Task details: If a line in the records below holds the word "given", copy it.

=== Material provided ===

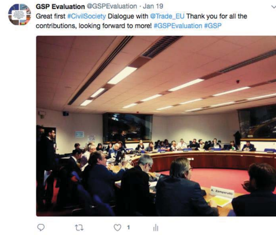
Figure 2: Twitter update from the first Civil Society Dialogue

The 2 nd CSD in Brussels was organised on 25 September 2017. The external consultant presented its progress and preliminary findings from the Final Interim Report. EU stakeholders were then given the opportunity to refer their questions regarding the midterm evaluation towards the Commission and the consultant and to provide feedback on the Final Interim Report. The second CSD was the final contact between the external consultant and the stakeholders, thus providing them a last chance to participate in the stakeholder engagement and consultation. 37
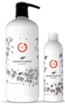
SHAMPOO 1000 ml 250 ml
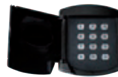
RP-S2-CSG-AF26 Radio code switch 433 MHz
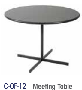
42" round, black top
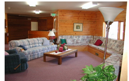
Harbor Lights House Assisted Living, Inc.

Because of our enthusiastic staff and exceptional volunteer program, residents are given daily opportunities for enriching activities that energize the body, stimulate the mind, and refresh the spirit.
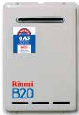
Rinnai Instantaneous hot water system
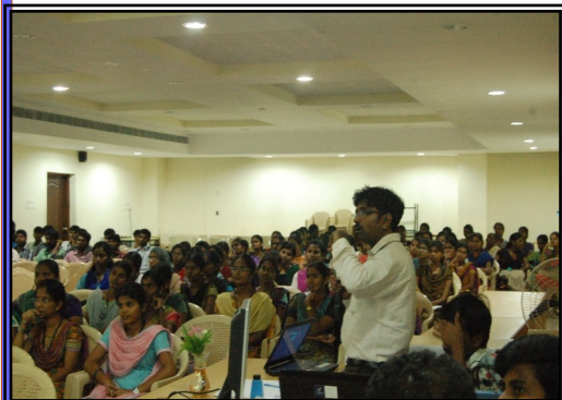
A view of audience in the seminar
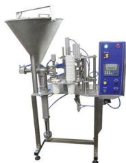
Cup Filling Machine
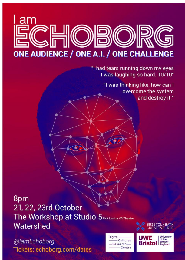
FIGURE 1 Poster for I am Echoborg events used in this study

aid in medical applications, such as helping health care workers arrive at better diagnoses. However, most comments pointed to the fears of AI in skewing democratic processes, 'state invasion of privacy', and deep fakes and in the exclusion of certain social groups. These comments suggested the audience's apprehension of AI's potential to manipulate behaviour and social processes. In response to

===

Response for this exercise:
The 2 nd CSD in Brussels was organised on 25 September 2017. The external consultant presented its progress and preliminary findings from the Final Interim Report. EU stakeholders were then given the opportunity to refer their questions regarding the midterm evaluation towards the Commission and the consultant and to provide feedback on the Final Interim Report. The second CSD was the final contact between the external consultant and the stakeholders, thus providing them a last chance to participate in the stakeholder engagement and consultation. 37
Because of our enthusiastic staff and exceptional volunteer program, residents are given daily opportunities for enriching activities that energize the body, stimulate the mind, and refresh the spirit.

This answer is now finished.